Closed yunigma closed 2 months ago

yunigma commented 2 months ago

Hello and thank you very much for your project! I want to fine-tune the pre-trained SpeechT5 model to the ASR task with LibriSpeech data (after that I plan to fine-tune it on some other data). The fine-tuning runs for the set number of epochs (42) without throwing any errors but after the 18th epoch, the loss becomes zero (see the training logs). The fine-tuned model does not produce any meaningful hypotheses.

Here is the command I run (the train logs are also attached here fine-tune-log):

DATA_ROOT=$ROOT/data/LibriSpeech
SAVE_DIR=$ROOT/exp/finetune_ls
TRAIN_SET=train
VALID_SET=valid
LABEL_DIR=$DATA_ROOT
HUBERT_LABEL_DIR=$DATA_ROOT/hubert_labels/
BPE_TOKENIZER=$ROOT/models/spm_char.model
USER_DIR=$ROOT/SpeechT5/SpeechT5/speecht5
PT_CHECKPOINT_PATH=$ROOT/models/speecht5_base.pt

$cmd -N ${_basename} ${output_dir}/${_basename}.log \
  fairseq-train ${DATA_ROOT} \
    --save-dir ${SAVE_DIR} \
    --tensorboard-logdir ${SAVE_DIR} \
    --train-subset ${TRAIN_SET} \
    --valid-subset ${VALID_SET} \
    --hubert-label-dir ${HUBERT_LABEL_DIR} \
    --user-dir ${USER_DIR} \
    --log-format json \
    --seed 1 \
    --device-id 0 \
    \
    --task speecht5 \
    --t5-task s2t \
    --sample-rate 16000 \
    --num-workers 4 \
    --max-tokens 1600000 \
    --update-freq 2 \
    --bpe-tokenizer ${BPE_TOKENIZER} \
    \
    --criterion speecht5 \
    --report-accuracy \
    --zero-infinity \
    --ce-weight 0.5 \
    --ctc-weight 0.5 \
    --sentence-avg \
    \
    --optimizer adam \
    --adam-betas "(0.9, 0.98)" \
    --adam-eps 1e-08 \
    --weight-decay 0.1 \
    --clip-norm 25.0 \
    --lr 0.00006 \
    --lr-scheduler tri_stage \
    --phase-ratio "[0.1, 0.4, 0.5]" \
    --final-lr-scale 0.05 \
    \
    --max-update 80000 \
    --max-text-positions 600 \
    --required-batch-size-multiple 1 \
    --save-interval-updates 3000 \
    --skip-invalid-size-inputs-valid-test \
    \
    --arch t5_transformer_base_asr \
    --share-input-output-embed \
    --find-unused-parameters \
    --bert-init \
    --relative-position-embedding \
    --freeze-encoder-updates 13000 \
    \
    --keep-last-epochs 10 \
    --feature-grad-mult 1.0 \
    --best-checkpoint-metric s2t_accuracy \
    --maximize-best-checkpoint-metric \
    --finetune-from-model ${PT_CHECKPOINT_PATH}

In how I run the fine-tune command, I am mostly unsure about the --hubert-label-dir argument. In the inference, it is just set to the transcriptions (as discussed here issue_15). For fine-tuning, I set it to the labels extracted from HuBERT. But in this case, I do not know if I do it correctly. For the HuBERT labels, I got two types of files: data.len with the length number per utterance and data.npy containing features themselves. I set --hubert-label-dir to len, as the script expected some txt input. Please, could you clarify for me these points and help me to fix the ASR fine-tuning? Thanks in advance!

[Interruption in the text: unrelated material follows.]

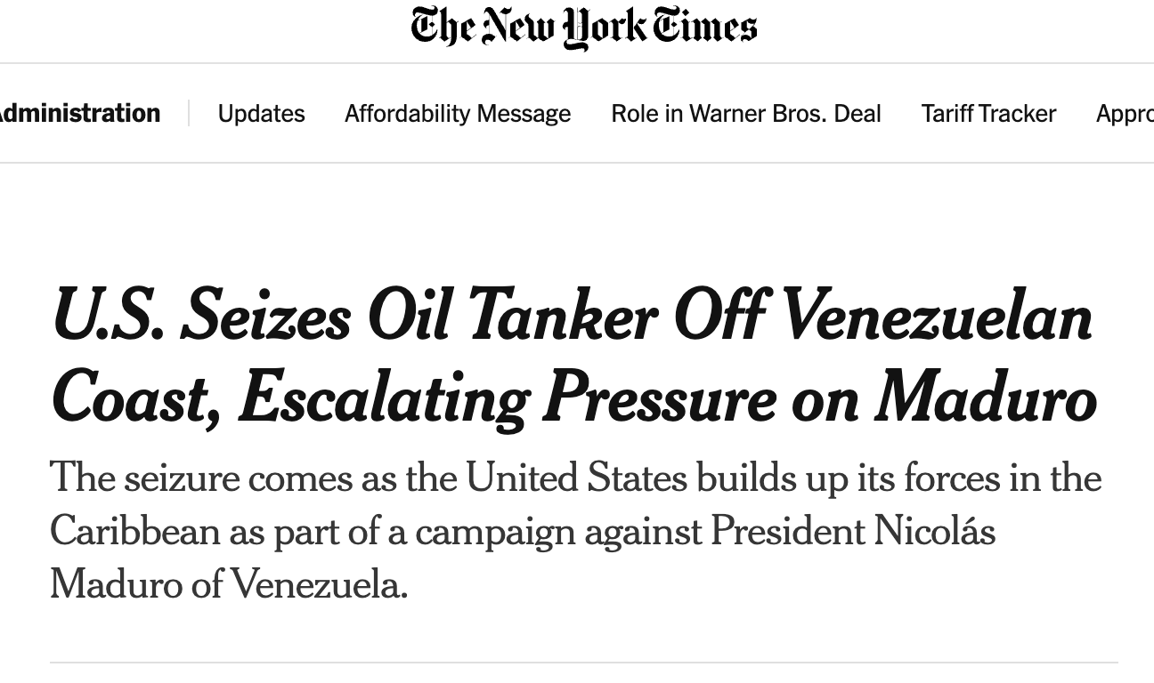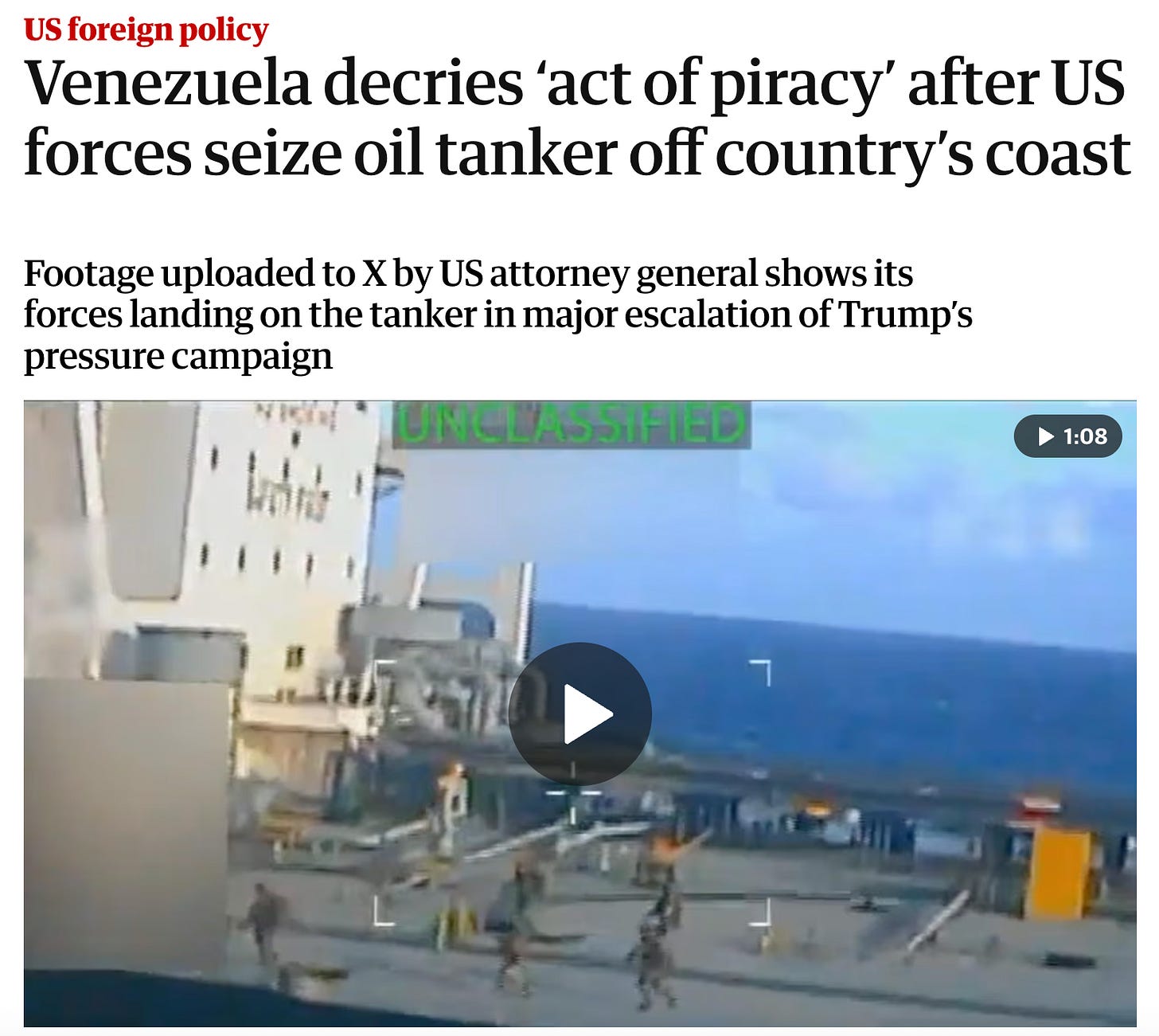 The Guardian headline shows the effect of the seizure — providing the victims an opportunity to respond to an unprovoked act — and notes importantly where the seizure occurred: off Venezuela’s coast.

Ajyy commented 2 months ago

Hi, --hubert-label-dir should be the transcription for ASR. So, it should not be the HuBERT labels extracted by kmeans model. You can just follow issue_15 and libri-label to prepare.

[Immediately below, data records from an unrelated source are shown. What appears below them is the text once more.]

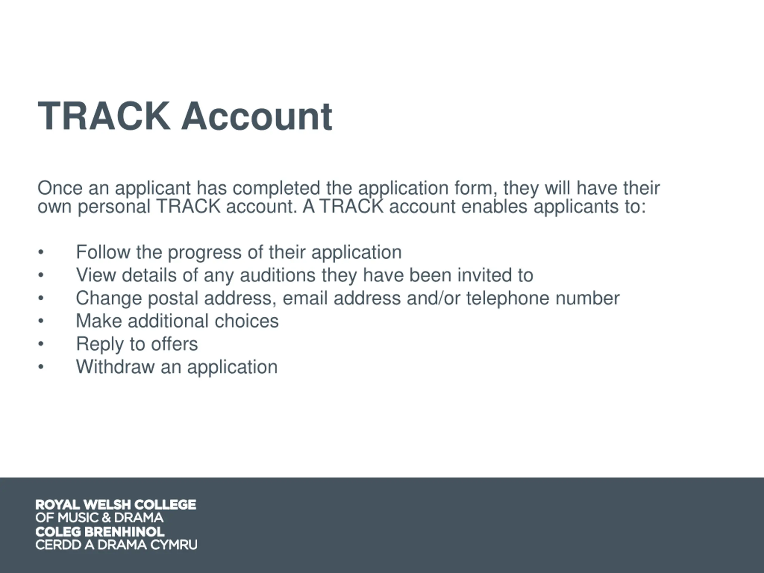 TRACK Account Once an applicant has completed the application form, they will have their own personal TRACK account. A TRACK account enables applicants to: Follow the progress of their application View details of any auditions they have been invited to Change postal address, email address and/or telephone number Make additional choices Reply to offers Withdraw an application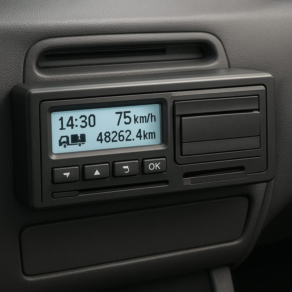 • Czytnik karty kierowcy – umożliwia identyfikację osoby prowadzącej pojazd oraz zapisuje jej aktywność.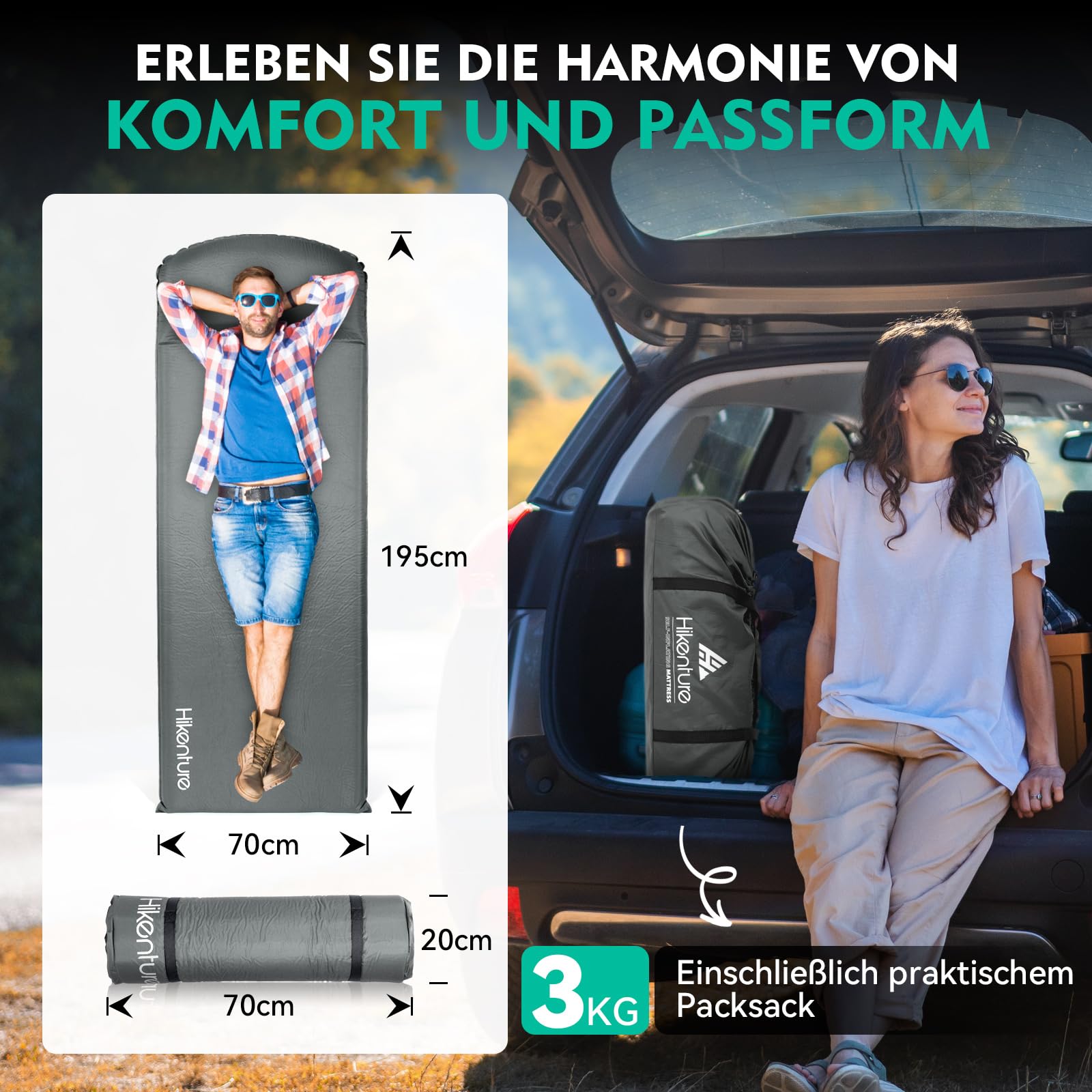 HIKENTURE Isomatte Selbstaufblasend Camping Matratze 8CM A1

yunigma commented 2 months ago

Hi, @Ajyy , thank you so much! I confirm that everything works fine now. I have run fine-tuning with the data.wrd, the training loss looked good, and in the inference, I am getting a very close result to the one I get with the released model. Currently, I am running fine-tuning on the other data as well.